■ TASK INSTRUCTIONS: Pull every line that includes the word "with" out of the data below and copy it.

━━━━

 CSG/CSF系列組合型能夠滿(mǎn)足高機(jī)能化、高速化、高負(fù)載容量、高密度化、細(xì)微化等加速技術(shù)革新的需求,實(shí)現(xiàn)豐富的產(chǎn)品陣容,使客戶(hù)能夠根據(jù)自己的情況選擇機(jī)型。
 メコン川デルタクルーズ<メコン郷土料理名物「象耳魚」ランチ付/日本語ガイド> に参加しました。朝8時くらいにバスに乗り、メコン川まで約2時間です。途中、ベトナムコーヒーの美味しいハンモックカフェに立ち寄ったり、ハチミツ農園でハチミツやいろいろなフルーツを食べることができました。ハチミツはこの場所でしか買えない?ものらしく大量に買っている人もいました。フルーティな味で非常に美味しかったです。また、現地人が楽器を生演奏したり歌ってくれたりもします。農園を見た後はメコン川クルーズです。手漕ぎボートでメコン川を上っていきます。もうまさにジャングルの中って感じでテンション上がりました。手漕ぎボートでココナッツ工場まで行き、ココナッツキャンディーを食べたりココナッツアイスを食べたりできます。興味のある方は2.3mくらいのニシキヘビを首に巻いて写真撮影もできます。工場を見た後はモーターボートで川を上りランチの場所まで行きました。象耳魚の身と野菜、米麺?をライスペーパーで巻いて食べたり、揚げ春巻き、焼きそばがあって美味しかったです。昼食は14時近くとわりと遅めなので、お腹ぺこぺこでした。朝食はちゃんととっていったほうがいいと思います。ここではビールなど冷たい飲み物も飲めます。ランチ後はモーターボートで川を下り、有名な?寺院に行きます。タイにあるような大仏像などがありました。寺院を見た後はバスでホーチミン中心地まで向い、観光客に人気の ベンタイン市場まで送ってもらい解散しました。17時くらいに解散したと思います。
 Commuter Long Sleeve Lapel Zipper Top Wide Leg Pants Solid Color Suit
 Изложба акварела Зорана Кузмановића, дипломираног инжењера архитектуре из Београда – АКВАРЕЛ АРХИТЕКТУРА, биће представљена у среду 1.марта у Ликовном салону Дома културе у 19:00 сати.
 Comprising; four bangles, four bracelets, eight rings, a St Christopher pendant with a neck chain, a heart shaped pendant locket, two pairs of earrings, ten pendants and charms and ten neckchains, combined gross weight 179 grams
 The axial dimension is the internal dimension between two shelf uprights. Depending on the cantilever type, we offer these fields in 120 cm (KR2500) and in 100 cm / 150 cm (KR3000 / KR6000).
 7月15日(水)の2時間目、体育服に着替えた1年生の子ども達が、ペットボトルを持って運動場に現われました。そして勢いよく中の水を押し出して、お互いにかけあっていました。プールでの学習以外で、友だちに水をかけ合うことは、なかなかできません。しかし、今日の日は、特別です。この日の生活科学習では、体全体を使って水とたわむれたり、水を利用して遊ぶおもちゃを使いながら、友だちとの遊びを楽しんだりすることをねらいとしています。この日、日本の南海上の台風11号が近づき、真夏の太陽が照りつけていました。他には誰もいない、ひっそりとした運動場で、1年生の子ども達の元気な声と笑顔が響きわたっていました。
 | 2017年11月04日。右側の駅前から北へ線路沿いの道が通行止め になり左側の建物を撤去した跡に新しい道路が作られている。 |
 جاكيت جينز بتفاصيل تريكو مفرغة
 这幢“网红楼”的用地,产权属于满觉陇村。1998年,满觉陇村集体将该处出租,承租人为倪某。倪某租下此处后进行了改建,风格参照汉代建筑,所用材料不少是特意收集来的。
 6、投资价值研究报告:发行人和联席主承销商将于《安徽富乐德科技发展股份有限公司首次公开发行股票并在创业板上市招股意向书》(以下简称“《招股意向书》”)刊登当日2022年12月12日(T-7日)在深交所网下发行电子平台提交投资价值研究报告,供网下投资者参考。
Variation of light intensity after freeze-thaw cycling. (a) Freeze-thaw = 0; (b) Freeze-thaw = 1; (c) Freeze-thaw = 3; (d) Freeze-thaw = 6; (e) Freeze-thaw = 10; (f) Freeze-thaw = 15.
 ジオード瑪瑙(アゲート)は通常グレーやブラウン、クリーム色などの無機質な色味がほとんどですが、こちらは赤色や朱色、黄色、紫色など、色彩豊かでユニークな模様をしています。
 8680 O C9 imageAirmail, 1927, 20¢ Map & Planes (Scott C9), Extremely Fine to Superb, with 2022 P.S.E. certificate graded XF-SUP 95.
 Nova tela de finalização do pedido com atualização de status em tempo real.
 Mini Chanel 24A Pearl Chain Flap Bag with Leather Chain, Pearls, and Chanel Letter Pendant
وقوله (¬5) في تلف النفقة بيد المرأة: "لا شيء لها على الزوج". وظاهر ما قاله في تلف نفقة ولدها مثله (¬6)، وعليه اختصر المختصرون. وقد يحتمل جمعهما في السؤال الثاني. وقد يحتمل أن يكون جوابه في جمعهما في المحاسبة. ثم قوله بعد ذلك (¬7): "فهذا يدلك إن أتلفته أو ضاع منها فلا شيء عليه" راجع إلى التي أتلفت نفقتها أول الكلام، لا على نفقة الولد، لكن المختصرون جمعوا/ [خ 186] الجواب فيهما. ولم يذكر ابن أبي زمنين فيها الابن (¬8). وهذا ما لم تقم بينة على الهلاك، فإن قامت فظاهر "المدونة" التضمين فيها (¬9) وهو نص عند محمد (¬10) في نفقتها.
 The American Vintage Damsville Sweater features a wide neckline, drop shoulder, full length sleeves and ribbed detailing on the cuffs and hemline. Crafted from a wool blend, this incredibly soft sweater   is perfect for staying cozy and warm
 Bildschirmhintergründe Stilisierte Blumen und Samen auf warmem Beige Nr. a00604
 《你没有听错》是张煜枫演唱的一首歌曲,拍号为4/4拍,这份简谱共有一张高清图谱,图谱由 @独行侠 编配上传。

━━━━

■ EXERCISE SOLUTION:
 Comprising; four bangles, four bracelets, eight rings, a St Christopher pendant with a neck chain, a heart shaped pendant locket, two pairs of earrings, ten pendants and charms and ten neckchains, combined gross weight 179 grams
 8680 O C9 imageAirmail, 1927, 20¢ Map & Planes (Scott C9), Extremely Fine to Superb, with 2022 P.S.E. certificate graded XF-SUP 95.
 Mini Chanel 24A Pearl Chain Flap Bag with Leather Chain, Pearls, and Chanel Letter Pendant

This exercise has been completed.